Learn English – Figurative origin of “the kiss of death”

phrase-origin

The idiomatic expression the kiss of death refers to:

  • a fatal or destructive relationship or action; as in
    The support of the outlawed group was the kiss of death to the candidate. (Origin 1945-1950)

(Random House Dictionary)

Etymonline confirms the date of origin as 1944 an the Billboard as the possible source:

  • Kiss of death in figurative sense "thing that signifies impending failure" is from 1944 (Billboard, Oct. 21), ultimately in reference to Judas's kiss in Gethsemane (Matthew xxvi.48-50).

The following site makes an interesting assumption about the origin suggesting that it comes from a Mafia custom which was popularized in movies (but it doesn't cite sources):

  • From the fabled Mafia practice. A kiss from the Don meant curtains for the receiver.
    No doubt popularized in this country by Mafia movies, but the practice goes back much, much further, at least to Roman days. And let's not forget Judas kissing Jesus's cheek to identify him to the guards.

(www.englishforstudents.com)

Questions:

  • Did the the figurative usage of the expression "the kiss of death" really originate in Mafia movies of the forties?

  • What does the 1944 Billboard citation refer to?

Best Answer

Here's the quote from The Billboard (10/21/44):

The once dial-twisting words, “This is an electrical transcription,” do not, as they did a short time ago mean the kiss of death for a program.

The term "electrical transcription" means recorded. Radio audiences initially disapproved of musical programs that didn't broadcast live music.

Did this phrase originate with the mafia (or with the mafia as portrayed in 1940s gangster films)? If it's the mafia, I'd expect there to be an Italian equivalent, and if Wikipedia's source is to be believed, there is, but it's

Il bacio di Guida

that is, the kiss of Judas. The Italian for kiss of death is "Il bacio della morte", and the google shows that Italians employ it in the same figurative sense, but my patience and Italian aren't good enough to get beyond modern usage. Wikipedia reports the claim of an unnamed Italian source that the kiss is given not to a victim but to his assassin as a green light for the killing. But of course, I can't check that. Wikipedia also relies on L'espresso to claim that the expression goes back to the nineteenth century.

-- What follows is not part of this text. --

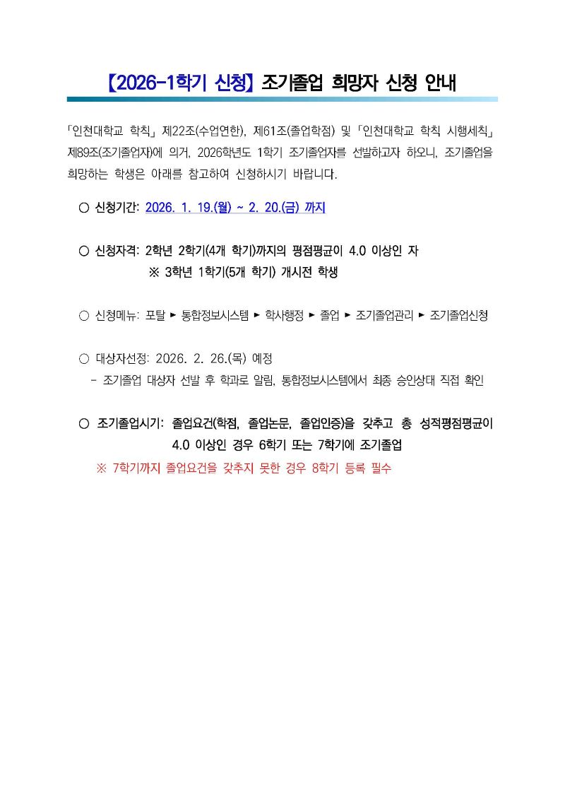fnctId=bbs,fnctNo=289 [학사안내] 2026-1학기 조기졸업 희망자 신청 안내(2026.1.19~2.20.) 글번호 416422 작성일 2025-12-15 수정일 2025-12-15 작성자 독어독문학과 (032-835-8130) 조회수 302 첨부파일 첨부파일이(가) 없습니다. 다음글 [학사안내] 2025 겨울 방학 중 학교 및 학과 사무실 업무 시간 안내 정연서 2025-12-18 18:41:34.0 이전글 [학사안내] 2026년 2월 학사학위취득 유예 신청 및 등록금 납부 안내(2026.01.5.~1.23.) 정연서 2025-12-15 13:17:27.0 목록
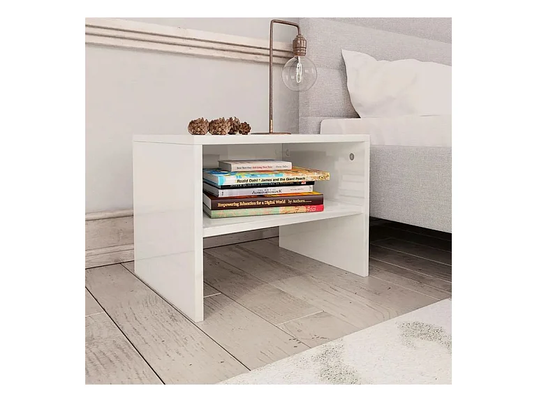 Table de chevet 2 étagères bois blanc brillant Fefi

I assume that's the Italian newspaper, but it's from 1979, and I can't check that either.

For English, the Ngram viewer finds the earliest use from 1807 in the play Percy: A Tragedy by Hannah Moore:

O you are kindly come to close my eyes,
And take the kiss of death from my cold lips

But this is the personification of mortality, and it can be found well past the 1940s, e.g., a paper in a 1961 volume of Psychoanalysis and the Psychoanalytic Review uses the phrase to describe Othello's line from the eponymous Shakespeare play

Killing myself, to die upon a kiss.

In the sense of betrayal, we know that the phrase had currency in the 1940s because of the film noir Kiss of Death (1947) starring Victor Mature and Brian Donlevy (and which gave Richard Widmark his first role). The plot concerns criminals and betrayals, and all the important characters have Italian last names. But there is no portrayal of a literal, fatal kiss in the movie.

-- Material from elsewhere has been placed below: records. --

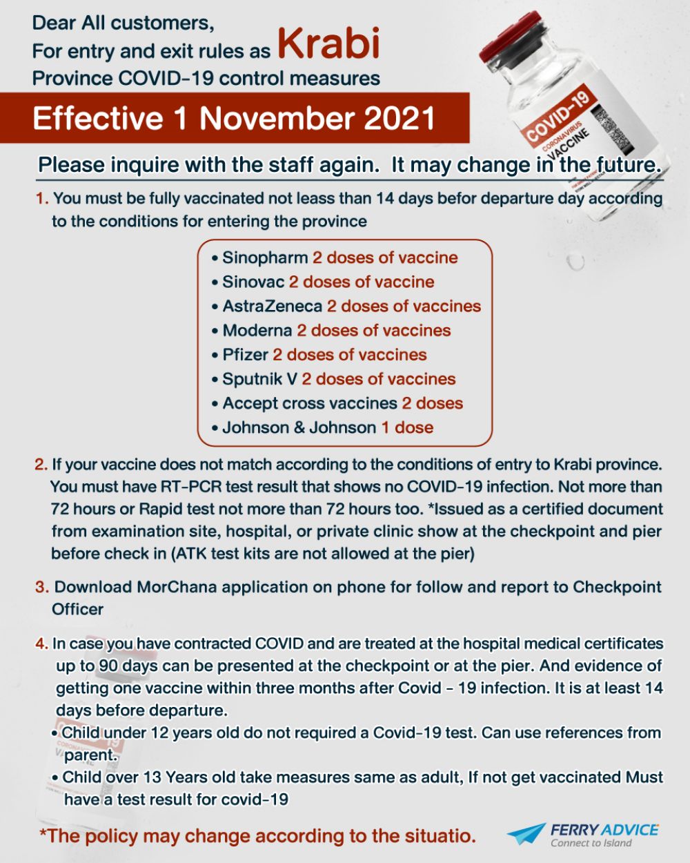 Dear All customers, For entry and exit rules as Krabi Province COVID-19 control measures Effective 1 November 2021
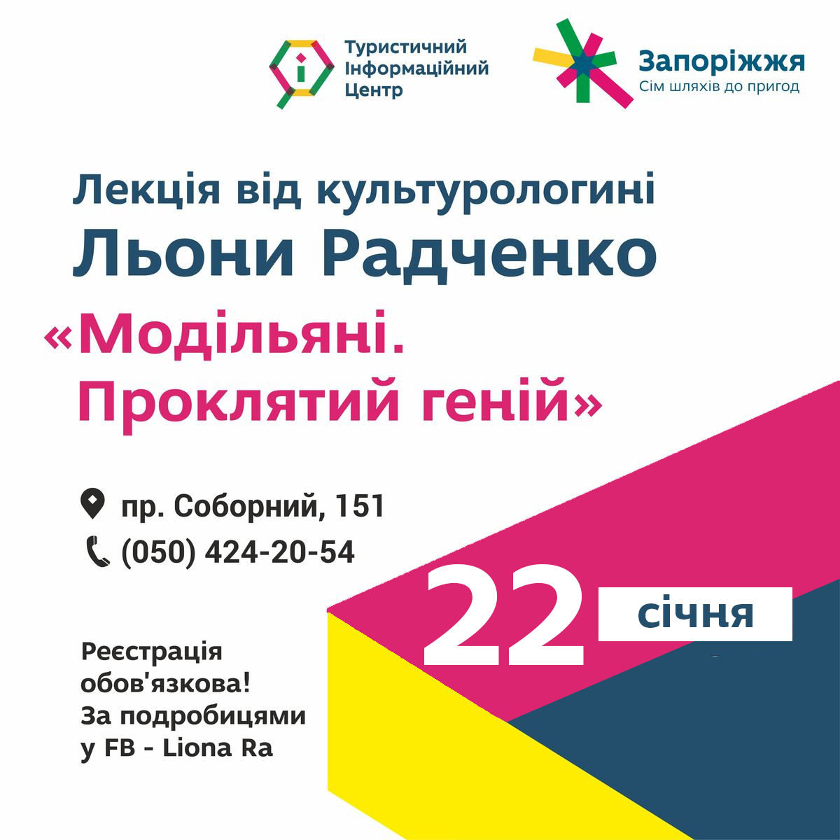 22 січня о 18:00 в Zaporizhzhia.city Hub лекція від Льони Радченко «Модільяні. Проклятий геній». На численні прохання аудиторії лекція про одного з найвідоміших художників кінця XIX - початку XX століття повертається
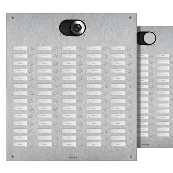 Frontplatte Serie Switch, 70 Teilnehmer, 5-reihig, SB2, VIP. Zu vervollständigen mit dem UP-Gehäuse IX9183 oder AP-Gehäuse IX9179 sowie mit dem Lautsprecher Audio oder Video (Systemabhängig) Art. 1621, 1621VC, 1682, 4680C, 4681 oder 4682HD. Frontplatte aus 2,5mm starker Edelstahlplatte V4A und siebzig flächenbündig integrierten Klingeltasten. Namensschilder von vorne zu wechseln, inkl. rückseitiger LED-Beleuchtung. Integriertes Ausstattungsmerkmal ist die Handicap-Funktion nach DIN 18040 mit Zustandsanzeige Türruf, Gesprächsbereit, Türöffnerfunktion und Teilnehmererreichbarkeit visuell mit LED´s hinter genormten Handicap Symbolen sowie akustischer Sprachausgabe der Zustände. Zu verwenden bei Buslautsprechern mit Netzgerät Art. 1210 zzgl. Art. 1595, ViP auf Nachfrage. Schlagfestigkeit: IK08. Abmessungen: 608,5x495x2,5mm.

The heyday of early gangster movies was the 1930s, with Little Caesar (1930), The Public Enemy (1931), and Scarface (1932). Only the first and third had villains with Italian names (Edward G Robinson as Rico and Paul Muni as Tony Camonte, respectively). Even given the prominence of Thomas Dewey, who successfully prosecuted mafioso head "Lucky" Luciano in 1936, crime dramas by the Forties had become film noir, like The Glass Key (1942) and The Big Sleep (1946). The earlier films concentrated on the shock value of criminal acts, and the later ones on atmosphere. Neither types of film told the story of mafia life and custom, and I don't believe the kiss appears in any.

We have the kiss from two sources. The first, The Valachi Papers (1968 book and 1972 film), in which mob boss Vito Genovese kisses the title character to signal the former's acknowledgement of the latter's betrayal. The second from The Godfather, Part II (1974) in which Michael kisses Fredo.

But these are long after the supposed origin. For now, we'll have to go with the Scottish verdict.